# Work to complete:
Retype every entry below without pictures.

Data records
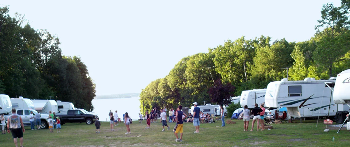 Merry Knoll Campground sits in the 1000 Islands region, 90 minutes from Syracuse. The park offers a 100-foot fishing pier and full-hookup sites in Clayton, New York.
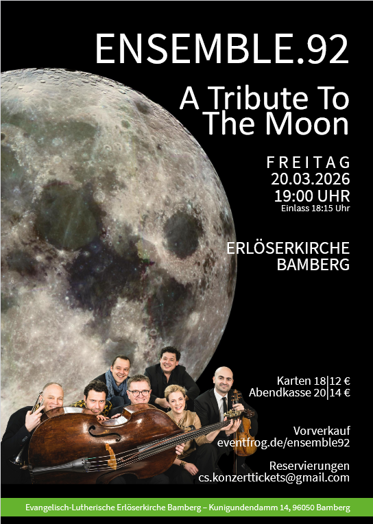 Träumende, Mondsüchtige, Glühwürmchen, Fledermäuse, Werwölfe, Vampire und alle anderen Nachtschwärmer sind am 20. März 2026 um 19 Uhr zu einem besonderen Konzerterlebnis in die Erlöserkirche eingeladen. Zwischen Vollmond und Neumond im März entfaltet sich ein musikalisch-literarischer Abend rund um den Mond. Lieder von Schubert, Weill, Fitzgerald und Sting begegnen Texten von Joseph von Eichendorff, Kurt Tucholsky und Robert Gernhardt.
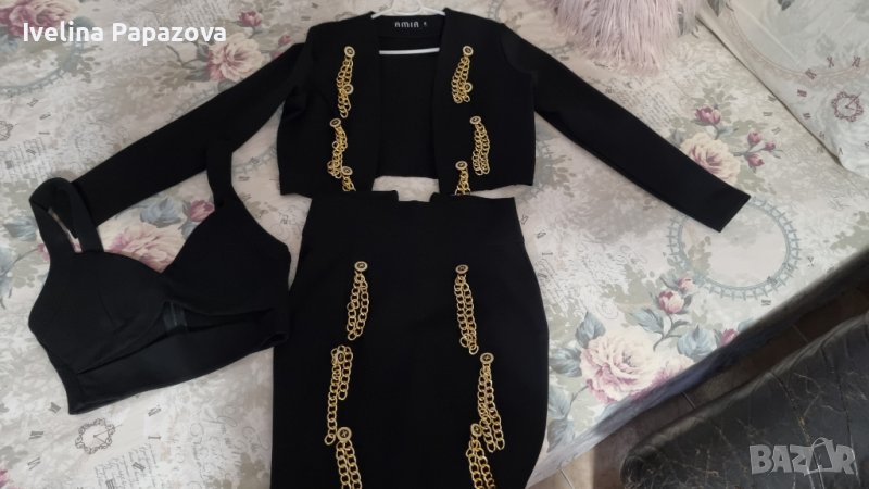 Комплектът е чисто нов,страхотен и секси на луксозната българска марка AMIA FASHION ,ило по-известна с предишното си име "Dress passion" Състои се от три части пола и късо сако с позлатени синджири и красиво бюстие с push-up ефект.Оригинала е 100 % идентичен със снимката.
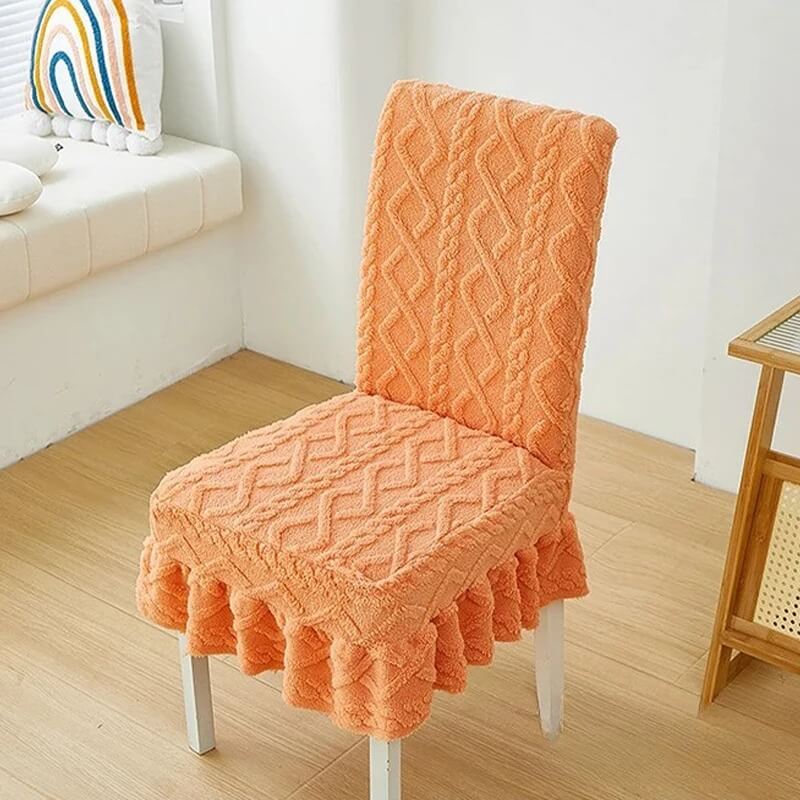 Żakardowy pokrowiec na krzesło z falbaną - Warkocz - Pomarańczowy
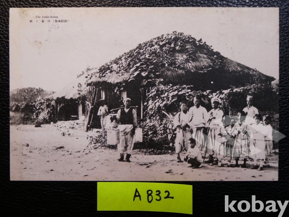▣근대한국엽서(진본): 시골의 주택 모습과 그 앞의 조선인들/1매/조선풍속/일제강점기 사진엽서, 그림엽서, 회엽서. A832
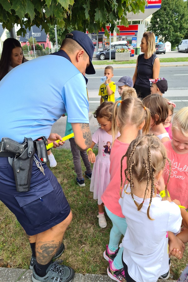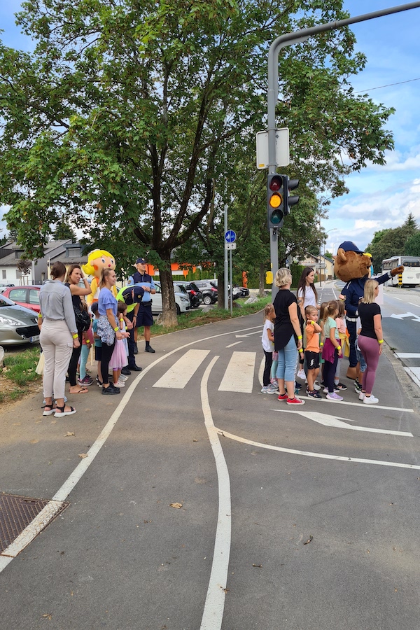 AMZS super junakoma Anji in Marku se je danes v Celju pridružila tudi policijska maskota Pika, izkušeni prometni policist mag. Elvis Alojzij Herbaj, vodja Oddelka za cestni promet na PU Celje, pa je z otroki iz Vrtca Anice Černejeve predstavil, kako pravilno prečkati prehod za pešce, kako se moramo obnašati v prometu in otrokom podal dragocene nasvete za varne šolske in vrtčevske poti. Glede prvega šolskega dne pa pravi, da imajo policisti zelo jasen, preprost in razumljiv nasvet za vse voznike, motoriste, kolesarje in pešce: “V prometu ravnaj tako, kot želiš, da drugi ravnajo do tebe!” Herbaj pravi, da gre za zelo učinkovito načelo zaupanja: “Če sami spoštujete prometna pravila, če ste odgovorni, smete pričakovati in verjeti, da bodo tudi ostali udeleženci ravnali enako. Dokler pa sami ne spoštujete pravil, ne morete pričakovati, da bo nekdo drug, četudi vedno spoštuje pravila, uspel preprečiti nesrečo.”
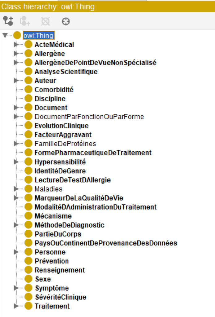 L’ontologie ALLERGIDOC représente les connaissances scientifiques, cliniques et généralistes du domaine de l’allergologie. Elle a été élaborée par Marcin Trzmielewski pour l’Unité d’Exploration des Allergies du CHU de Montpellier (référents : Docteur Davide Caimmi et Prof. Pascal Demoly), dans le cadre d’une thèse en sciences de l’information, de la communication et de la documentation à l’Université Paul Valéry Montpellier 3, financée par la Région Occitanie (France) entre 2019 et 2023. L’ontologie a été élaborée dans une approche constructiviste, à partir d’une analyse des pratiques informationnelles des employés de l’unité d’allergologie et d’une analyse des documents que ces employés utilisent dans leur quotidien. Pour s’informer davantage sur les objectifs et la méthodologies d’élaboration de l’ontologie, consulter la thèse sur : https://theses.hal.science/tel-04310219. La version 3.0 comprend des modifications des versions 1.1 et 2.0 effectuées en février-mars 2025 par Marcin Trzmielewski (LERASS), avec la contribution des étudiantes de la licence professionnelle en documentation : Anne Guerre, Nada Bouhsina, Sabrina Duc et Claire Casasso (Université de Montpellier Paul-Valéry). La version 3.0 contient également une nouvelle structuration au niveau des classes principales (facettes) et d’autres niveaux de profondeur classificatoire. L’analyse à facettes a été basée sur les cibles informationnelles des professionnels d’allergologie et la Descriptive Ontology for Linguistic and Cognitive Engineering (DOLCE). Les concepts, les termes et les relations qui composent l’ontologie sont issus des versions précédentes 1.1 et 2.0, des extractions terminologiques effectuées lors de l’élaboration de la version 1.0, comme des réunions de validation des versions 1.0 et 2.0. Ils proviennent également des systèmes d’organisation des connaissances existants : Ontology for General Medical Science, Information Artifact Ontology, MeSH, SNOMED, LOINC, Allergen Nomenclature, catalogues des allergènes ThermoFisher et Eurofins, site IMAIOS, taxonomies biologiques consultées sur Wikipédia, Gender, Sex, and Sexual Orientation Ontology, et classification d’Eckman.
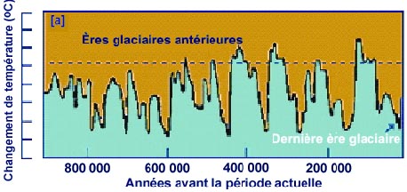 Figure 1a Représentation sur 900 000 ans des changements des températures superficielles de la Terre, tels que les interprètent de nombreux paléoclimatologues à partir des traces enregistrées dans les strates des roches sédimentaires, les sédiments stratifiés déposés sur le fond des océans, les glaces des hautes comme des basses latitudes, et pour les périodes plus récentes les anneaux de croissance du bois et d'autres témoins à stratification temporelle. Des baisses massives de température ayant eu pour effet de fortes expansions glaciaires se sont produites plus de dix fois sur la période, le réchauffement interglaciaire le plus récent s'étant produit il y a seulement environ 18 000 ans. Cela suggère que nombre d'espèces ont dû recoloniser les zones de hautes latitudes (>45 degrés nord ou sud) depuis que le couvert glaciaire s'est retiré.
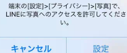 この場合、LINEに不具合があるわけではなく、スマホ側が「写真を見せない」状態になっているため、送信できなくなります。
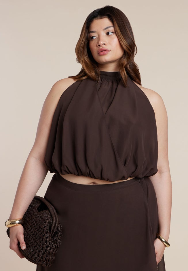 Introduce gentle volume with this high neck bubble top shaped by a cropped silhouette and gathered hem. Adjustable ties define the open back, while soft shirring creates dimensional shape through the body.
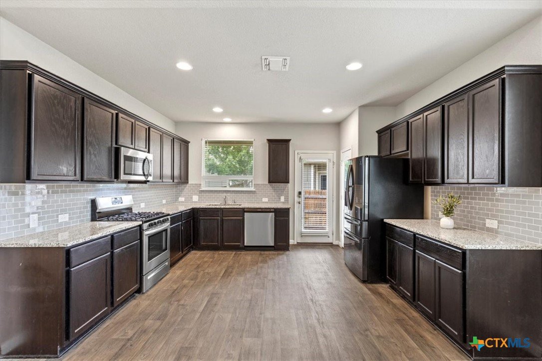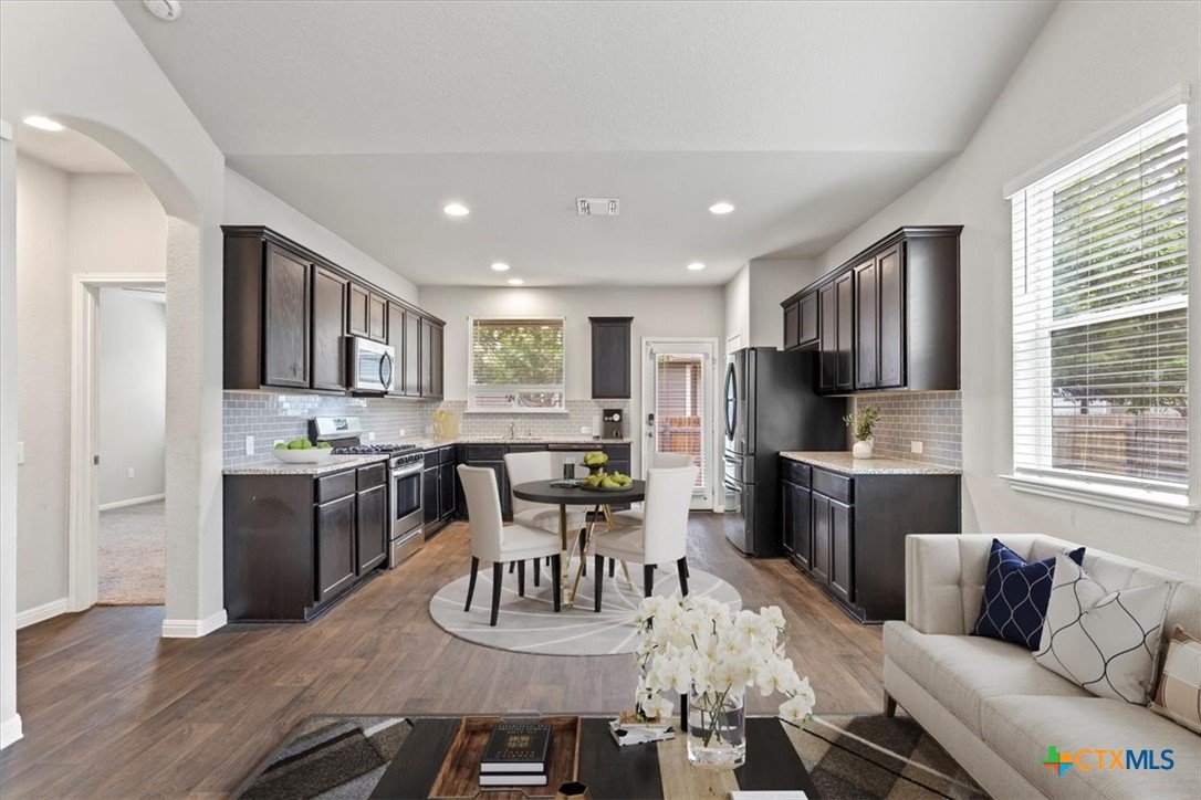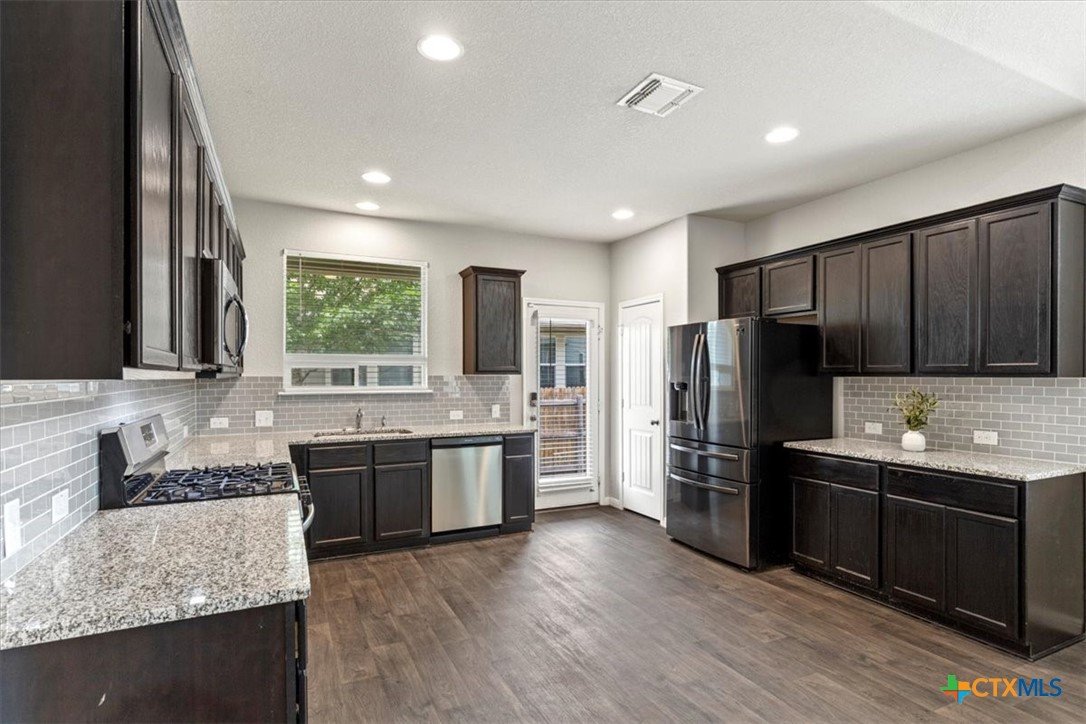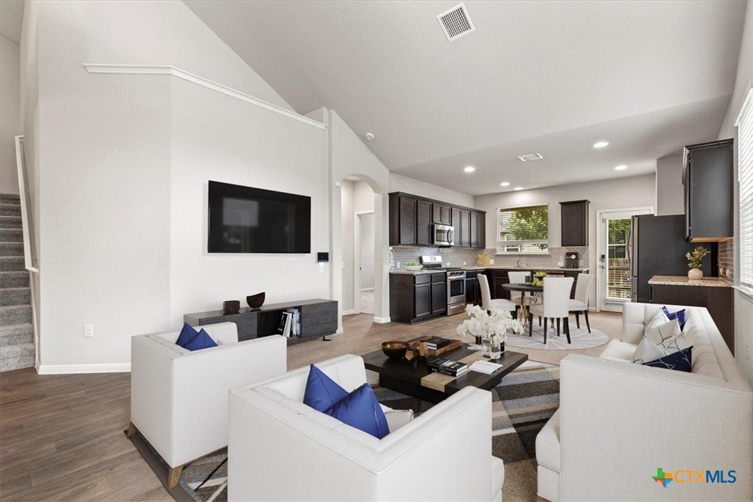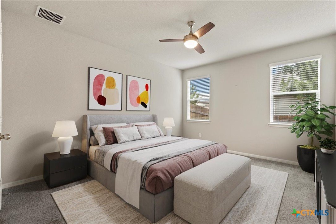 Nestled in the quiet neighborhood of Fort Dessau, discover low maintenance living at it's absolute best! Built in 2019, this North facing 2 story home features 2 bedrooms with the primary suite located on the main floor, 2.5 bathrooms, covered patio, and 1,491 spacious square feet for easy living. Upon entry, soaring vaulted ceilings in the living space give you a light and airy feel. While durable for busy households, the dark wood vinyl flooring gives a touch of sophistication while adding a warm and inviting ambiance. As you make your way into the open kitchen, discover ample cabinet space, granite counters, gas range, and recessed lighting making meal prep effortless. The oversized primary bedroom located on the main floor is large enough to house a King size bedroom set providing relaxation and peace. The en-suite bath features a large walk in shower and a perfect vanity space making busy mornings a breeze along with providing a private retreat for getting ready with ease. Located on the opposite side of the home is a separate laundry room with dedicated space to keep laundry tasks neatly contained ensuring your living areas are kept tidy and stress free. Perfectly located across is the half bathroom offering a practical solution for entertaining guests while enhancing the privacy of bedroom spaces. Venture upstairs and discover a second living space as versatile as you. Easily transform this space to a game room, play area for the kids, office, media room, or whatever fits the needs of your family. You will also find a full bathroom perfectly situated for homeowners and guests. A second bedroom offers privacy and convenience while allowing everyone their own space. Enjoy the added convenience of remote controlled ceiling fans in the bedrooms and bonus room. Covered patio and private fenced in yard make for easy entertaining. Front and back lawn maintenance ensures for the easiest low maintenance living. Don't wait and schedule your tour today!

# Response box:
 Merry Knoll Campground sits in the 1000 Islands region, 90 minutes from Syracuse. The park offers a 100-foot fishing pier and full-hookup sites in Clayton, New York.
 Träumende, Mondsüchtige, Glühwürmchen, Fledermäuse, Werwölfe, Vampire und alle anderen Nachtschwärmer sind am 20. März 2026 um 19 Uhr zu einem besonderen Konzerterlebnis in die Erlöserkirche eingeladen. Zwischen Vollmond und Neumond im März entfaltet sich ein musikalisch-literarischer Abend rund um den Mond. Lieder von Schubert, Weill, Fitzgerald und Sting begegnen Texten von Joseph von Eichendorff, Kurt Tucholsky und Robert Gernhardt.
 Комплектът е чисто нов,страхотен и секси на луксозната българска марка AMIA FASHION ,ило по-известна с предишното си име "Dress passion" Състои се от три части пола и късо сако с позлатени синджири и красиво бюстие с push-up ефект.Оригинала е 100 % идентичен със снимката.
 Żakardowy pokrowiec na krzesło z falbaną - Warkocz - Pomarańczowy
▣근대한국엽서(진본): 시골의 주택 모습과 그 앞의 조선인들/1매/조선풍속/일제강점기 사진엽서, 그림엽서, 회엽서. A832
 AMZS super junakoma Anji in Marku se je danes v Celju pridružila tudi policijska maskota Pika, izkušeni prometni policist mag. Elvis Alojzij Herbaj, vodja Oddelka za cestni promet na PU Celje, pa je z otroki iz Vrtca Anice Černejeve predstavil, kako pravilno prečkati prehod za pešce, kako se moramo obnašati v prometu in otrokom podal dragocene nasvete za varne šolske in vrtčevske poti. Glede prvega šolskega dne pa pravi, da imajo policisti zelo jasen, preprost in razumljiv nasvet za vse voznike, motoriste, kolesarje in pešce: “V prometu ravnaj tako, kot želiš, da drugi ravnajo do tebe!” Herbaj pravi, da gre za zelo učinkovito načelo zaupanja: “Če sami spoštujete prometna pravila, če ste odgovorni, smete pričakovati in verjeti, da bodo tudi ostali udeleženci ravnali enako. Dokler pa sami ne spoštujete pravil, ne morete pričakovati, da bo nekdo drug, četudi vedno spoštuje pravila, uspel preprečiti nesrečo.”
 L’ontologie ALLERGIDOC représente les connaissances scientifiques, cliniques et généralistes du domaine de l’allergologie. Elle a été élaborée par Marcin Trzmielewski pour l’Unité d’Exploration des Allergies du CHU de Montpellier (référents : Docteur Davide Caimmi et Prof. Pascal Demoly), dans le cadre d’une thèse en sciences de l’information, de la communication et de la documentation à l’Université Paul Valéry Montpellier 3, financée par la Région Occitanie (France) entre 2019 et 2023. L’ontologie a été élaborée dans une approche constructiviste, à partir d’une analyse des pratiques informationnelles des employés de l’unité d’allergologie et d’une analyse des documents que ces employés utilisent dans leur quotidien. Pour s’informer davantage sur les objectifs et la méthodologies d’élaboration de l’ontologie, consulter la thèse sur : https://theses.hal.science/tel-04310219. La version 3.0 comprend des modifications des versions 1.1 et 2.0 effectuées en février-mars 2025 par Marcin Trzmielewski (LERASS), avec la contribution des étudiantes de la licence professionnelle en documentation : Anne Guerre, Nada Bouhsina, Sabrina Duc et Claire Casasso (Université de Montpellier Paul-Valéry). La version 3.0 contient également une nouvelle structuration au niveau des classes principales (facettes) et d’autres niveaux de profondeur classificatoire. L’analyse à facettes a été basée sur les cibles informationnelles des professionnels d’allergologie et la Descriptive Ontology for Linguistic and Cognitive Engineering (DOLCE). Les concepts, les termes et les relations qui composent l’ontologie sont issus des versions précédentes 1.1 et 2.0, des extractions terminologiques effectuées lors de l’élaboration de la version 1.0, comme des réunions de validation des versions 1.0 et 2.0. Ils proviennent également des systèmes d’organisation des connaissances existants : Ontology for General Medical Science, Information Artifact Ontology, MeSH, SNOMED, LOINC, Allergen Nomenclature, catalogues des allergènes ThermoFisher et Eurofins, site IMAIOS, taxonomies biologiques consultées sur Wikipédia, Gender, Sex, and Sexual Orientation Ontology, et classification d’Eckman.
 Figure 1a Représentation sur 900 000 ans des changements des températures superficielles de la Terre, tels que les interprètent de nombreux paléoclimatologues à partir des traces enregistrées dans les strates des roches sédimentaires, les sédiments stratifiés déposés sur le fond des océans, les glaces des hautes comme des basses latitudes, et pour les périodes plus récentes les anneaux de croissance du bois et d'autres témoins à stratification temporelle. Des baisses massives de température ayant eu pour effet de fortes expansions glaciaires se sont produites plus de dix fois sur la période, le réchauffement interglaciaire le plus récent s'étant produit il y a seulement environ 18 000 ans. Cela suggère que nombre d'espèces ont dû recoloniser les zones de hautes latitudes (>45 degrés nord ou sud) depuis que le couvert glaciaire s'est retiré.
 この場合、LINEに不具合があるわけではなく、スマホ側が「写真を見せない」状態になっているため、送信できなくなります。
 Introduce gentle volume with this high neck bubble top shaped by a cropped silhouette and gathered hem. Adjustable ties define the open back, while soft shirring creates dimensional shape through the body.
 Nestled in the quiet neighborhood of Fort Dessau, discover low maintenance living at it's absolute best! Built in 2019, this North facing 2 story home features 2 bedrooms with the primary suite located on the main floor, 2.5 bathrooms, covered patio, and 1,491 spacious square feet for easy living. Upon entry, soaring vaulted ceilings in the living space give you a light and airy feel. While durable for busy households, the dark wood vinyl flooring gives a touch of sophistication while adding a warm and inviting ambiance. As you make your way into the open kitchen, discover ample cabinet space, granite counters, gas range, and recessed lighting making meal prep effortless. The oversized primary bedroom located on the main floor is large enough to house a King size bedroom set providing relaxation and peace. The en-suite bath features a large walk in shower and a perfect vanity space making busy mornings a breeze along with providing a private retreat for getting ready with ease. Located on the opposite side of the home is a separate laundry room with dedicated space to keep laundry tasks neatly contained ensuring your living areas are kept tidy and stress free. Perfectly located across is the half bathroom offering a practical solution for entertaining guests while enhancing the privacy of bedroom spaces. Venture upstairs and discover a second living space as versatile as you. Easily transform this space to a game room, play area for the kids, office, media room, or whatever fits the needs of your family. You will also find a full bathroom perfectly situated for homeowners and guests. A second bedroom offers privacy and convenience while allowing everyone their own space. Enjoy the added convenience of remote controlled ceiling fans in the bedrooms and bonus room. Covered patio and private fenced in yard make for easy entertaining. Front and back lawn maintenance ensures for the easiest low maintenance living. Don't wait and schedule your tour today!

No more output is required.